Maaf kalo sayah lelet tip kali update….
Soalnya….
SIBUK dengan tugas sekolah yang bejibun!
Oceh…..
Yonde kudasai…
CHAPPIE 3
Garis-garis putih tampak menutupi birunya langit dengan sempurna. Bahkan sang cahaya kehidupan seolah enggan bersusah payah untuk menyumbangkan kehangatannya di siang hari ini.
Garis-garis putih di atas sana tampak semakin menebal dan menyebabkan hawa yang semula dingin menjadi semakin dingin.
Hawa dingin dengan bangganya memaksa masuk melalui jendela yang terbuka. Bahkan hawa dinginpun dengan suksesnya mengembalikan alam pikiran seorang pemuda tampan dari alam mimpinya ke dalam dunia nyata.
Kedua kelopak mata pemuda itu mengerjap. Perlahan kedua kelopak mata itu menghadirkan sepasang mata musim gugur yang begitu memukau. Warna pertama yang di lihat sepasang mata indahnya adalah putih. Ya, putih. Ia menatap kosong langit-langit putih kamarnya yang megah.

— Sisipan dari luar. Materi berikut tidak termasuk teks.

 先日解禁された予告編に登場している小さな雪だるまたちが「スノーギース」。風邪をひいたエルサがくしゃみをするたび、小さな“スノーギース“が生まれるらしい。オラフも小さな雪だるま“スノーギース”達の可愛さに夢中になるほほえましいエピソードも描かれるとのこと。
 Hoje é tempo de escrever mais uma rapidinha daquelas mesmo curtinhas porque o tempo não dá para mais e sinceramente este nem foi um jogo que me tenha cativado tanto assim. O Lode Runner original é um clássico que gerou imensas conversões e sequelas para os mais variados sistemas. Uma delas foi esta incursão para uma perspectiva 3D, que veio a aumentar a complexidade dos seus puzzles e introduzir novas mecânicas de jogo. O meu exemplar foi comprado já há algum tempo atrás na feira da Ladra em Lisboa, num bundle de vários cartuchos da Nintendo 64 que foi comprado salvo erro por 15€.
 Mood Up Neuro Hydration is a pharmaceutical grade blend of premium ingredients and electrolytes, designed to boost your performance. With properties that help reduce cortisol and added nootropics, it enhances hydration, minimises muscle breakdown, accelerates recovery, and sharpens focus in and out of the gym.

Ia melirik jemari tangan kanannya yang sudah tidak terasa sakit. Jemari tangannya di bebat oleh beberapa lapisan perban putih. Sejenak ia memijit pelipisnya. Entah sudah berapa lama ia terlelap dengan damainya.
"Sudah bangun?" Sepasang mata musim gugur itu mengarahkan pandangannya pada sumber suara. Di lihatnya sebuah senyum lembut dari wanita yang memiliki mata emas yang berbinar cerah.

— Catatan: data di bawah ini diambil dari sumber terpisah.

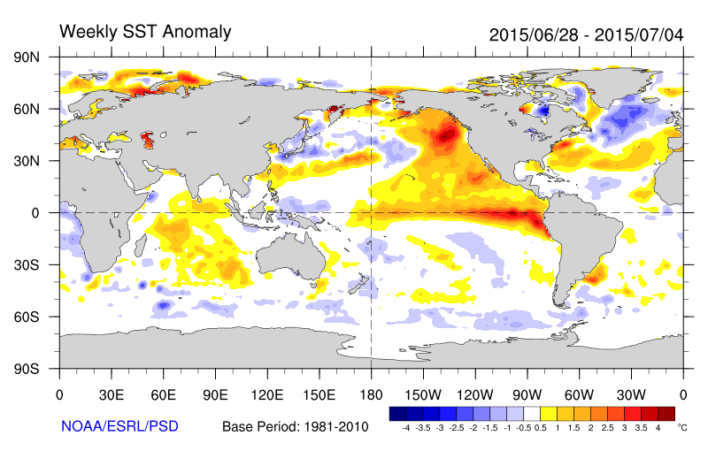 Sea Surface Temperature Anomalies during the past few weeks (ESRL/NOAA).

Pemuda musim gugur itu memilih untuk bangkit dari ranjangnya yang nyaman.
"Jam berapa sekarang?" Tanya pemuda itu sambil memakai kedua sepatu hitamnya.
"Jam setengah dua," Jawab sang wanita, lalu melangkah menghampiri pemuda itu, "Mau makan siang dulu?" Tawarnya lembut.
Mata musim gugur pemuda itu menatap datar mata emas wanita yang sudah ia anggap seperti ibunya sendiri. Namun, tak ada jawaban dari mulut si pemuda.
"Kalau memang ada yang ingin kau diskusikan denganku dan pamanmu, katakan saja. Kami akan mendengarkannya." Senyum lembut wanita itu sama sekali di acuhkan oleh si pemuda.
"Aku pergi." Pemuda itu melangkah perlahan menjauhi ranjangnya menuju pintu kamarnya.
"Ichi," Pemuda itu berhenti sesaat. "Temuilah Orihime dan teman-temanmu serimg-sering."
"Hn." Pemuda itu berguman lalu melengang pergi.
oOo
Pemuda dengan raut wajah muram melajukan mobil Mitsubishi Evo VI merahnya dengan cepat. Ia tidak meyadari bahwa ia terlelap hingga jam makan siang. Mobil it terus melaju menyusuri jalanan perkotaan yang cukup sepi akibat temperatur yang rendah. Pandangan mata pemuda itu semakin menajam saat di lihatnya bangunan mewah yang tadi pagi di tiggalkannya.
Di parkirkan mobillnya, lalu dia melangkah cepat memasuki lift.di tekannya tombol angka sembilan. Setelah beberapa saat menunggu, pintu lift pun terbuka. Hanya butuh melewati dua pintu kamar untuk dapat sampai di depan pintu apartemen yang sudah hampir empat tahun menjadi miliknya, namun baru dua hari ini dia tinggali.
Mata musim gugur itu melebar ketika melihat pintu apartemennya tidak tertutup sempurna. Ia segera memasuki dan melangkah cepat menuju kamarnya. Di arahkan pandangannya menyusuri tiap sudut kamar mewahnya.
DAMN!
Gadis itu tidak ada. Gadis itu pergi entah kemana. Dan itu murni kesalahannya yang dua hari lalu memberikan duplikat kunci apartemennya pada gadis itu.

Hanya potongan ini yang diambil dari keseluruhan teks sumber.